3. **Write:** Serialize `QueryPair` (control + treatment) to JSONL. One line per query.
**Output:**
| Artifact | Format | Content | Size estimate |
|---|---|---|---|
| `results/cqs_responses_{timestamp}.jsonl` | JSON Lines | 39 QueryPair objects | ~2-5 MB |
**QueryPair schema:**
```json
{
"query_id": "NORM-001",
"query_text": "...",
"category": "normal",
"difficulty": "normal",
"control": {
"condition": "control",
"model": "claude-sonnet-4-5-20250929",
"system_prompt": "...",
"response_text": "...",
"tool_calls": [],
"pragmatics_returned": [],
"total_latency_ms": 4748.0,
"input_tokens": 49,
"output_tokens": 199,
"timestamp": "2026-02-12T22:46:11.400801"
},
"treatment": {
"condition": "treatment",
"model": "claude-sonnet-4-5-20250929",
"system_prompt": "...",
"response_text": "...",
"tool_calls": [
{
"tool_name": "get_methodology_guidance",
"arguments": {"topics": ["period_estimate", "margin_of_error"]},
"result": {"guidance": ["..."], "related": ["..."]},
"latency_ms": 32.5
}
],
"pragmatics_returned": ["ACS-MOE-001", "ACS-PER-001", "..."],
"total_latency_ms": 14233.5,
"input_tokens": 15774,
"output_tokens": 595,
"timestamp": "2026-02-12T22:46:25.634445"
}
}
```
## 4.2 Stage 2: Judge Scoring (Stubbed)
**Input:** `cqs_responses_{timestamp}.jsonl` + judge prompt template
**Process:** For each QueryPair × 3 judges:
1. Construct judge prompt with original query + blind-masked responses (A/B randomized per DEC-4B-008)

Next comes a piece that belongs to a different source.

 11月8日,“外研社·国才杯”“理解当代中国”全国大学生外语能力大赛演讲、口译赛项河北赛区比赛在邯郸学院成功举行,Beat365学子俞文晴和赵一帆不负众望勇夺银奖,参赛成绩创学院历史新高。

2. Send to judge model with structured output request
3. Parse CQSJudgment (6 dimensions × 2 responses + overall preference)
4. Write to scores JSONL
**Output:** `results/cqs_scores_{timestamp}.jsonl` — 39 × 3 = 117 CQSJudgment objects
**Detailed spec deferred** to Stage 2 implementation. Judge prompt template in `cqs_judge_prompt_template.md`.

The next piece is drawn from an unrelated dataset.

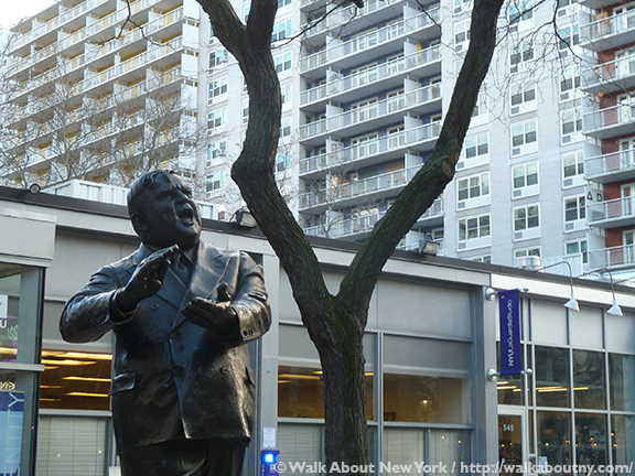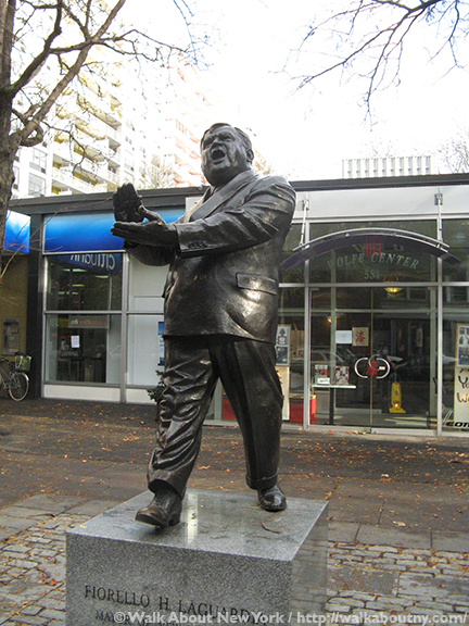 In the early 1990s, the Friends of La Guardia Place began renovating the public plazas along the street’s east side. In addition to improved landscaping, the organization commissioned a sculpture of La Guardia. It was a fitting location because this had been the neighborhood where he was raised. Unveiled in 1994, this dynamic, full-length, larger-than-life figure shows Mayor La Guardia clapping in mid-stride, with his mouth wide open as if in a cheer.

## 4.3 Stage 3: Analysis (Stubbed)
**Input:** `cqs_scores_{timestamp}.jsonl`
**Process:**
1. Inter-rater agreement (Krippendorff's α ordinal, per dimension)
2. Treatment effect by stratum (edge cases: Wilcoxon signed-rank; normal: TOST equivalence)
3. Dimension-level analysis (which dimensions show largest treatment effect)
4. Vendor bias detection (does any judge systematically favor A or B)
5. Position bias quantification (effect of A/B randomization)
**Output:** Tables, figures, narrative for FCSM talk
**Detailed spec deferred** to Stage 3 implementation.